• Problem
Please output exactly the lines below, starting at the line that has "A puppy play" and ending at the line that has "- 2026.1.13 ニュース 2026年1/12㈪~1/25㈰来院状況", both included; leave out all pictures and include nothing else.

• Data section
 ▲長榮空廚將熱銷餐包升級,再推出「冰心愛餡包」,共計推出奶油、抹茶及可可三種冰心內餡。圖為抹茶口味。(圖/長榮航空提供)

---

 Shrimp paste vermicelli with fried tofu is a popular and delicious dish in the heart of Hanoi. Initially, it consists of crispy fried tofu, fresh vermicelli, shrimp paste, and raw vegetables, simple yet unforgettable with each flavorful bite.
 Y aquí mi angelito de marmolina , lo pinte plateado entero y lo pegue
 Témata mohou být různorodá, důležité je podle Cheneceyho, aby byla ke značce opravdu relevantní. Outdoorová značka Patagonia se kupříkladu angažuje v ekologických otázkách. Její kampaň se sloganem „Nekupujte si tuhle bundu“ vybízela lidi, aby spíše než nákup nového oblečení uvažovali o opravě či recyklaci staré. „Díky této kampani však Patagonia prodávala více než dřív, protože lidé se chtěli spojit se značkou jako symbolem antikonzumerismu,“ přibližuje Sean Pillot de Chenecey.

--

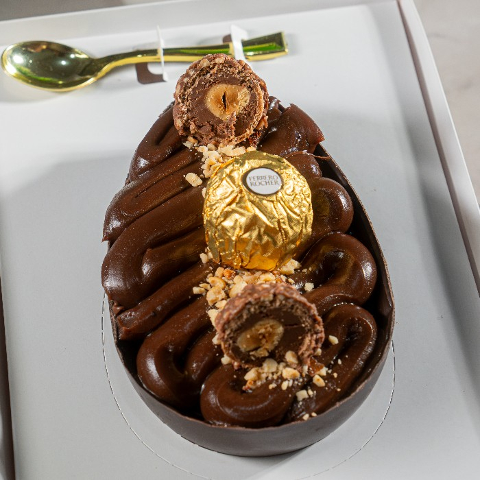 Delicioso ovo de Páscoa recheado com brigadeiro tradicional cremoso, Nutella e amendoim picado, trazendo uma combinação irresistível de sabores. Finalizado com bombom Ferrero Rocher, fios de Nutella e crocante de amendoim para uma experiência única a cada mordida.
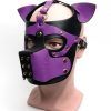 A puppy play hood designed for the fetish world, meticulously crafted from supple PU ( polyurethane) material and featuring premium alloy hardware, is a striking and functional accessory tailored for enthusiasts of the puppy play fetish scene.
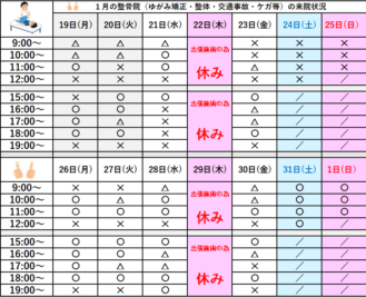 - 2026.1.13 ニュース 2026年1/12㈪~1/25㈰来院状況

• Solution
 A puppy play hood designed for the fetish world, meticulously crafted from supple PU ( polyurethane) material and featuring premium alloy hardware, is a striking and functional accessory tailored for enthusiasts of the puppy play fetish scene.
 - 2026.1.13 ニュース 2026年1/12㈪~1/25㈰来院状況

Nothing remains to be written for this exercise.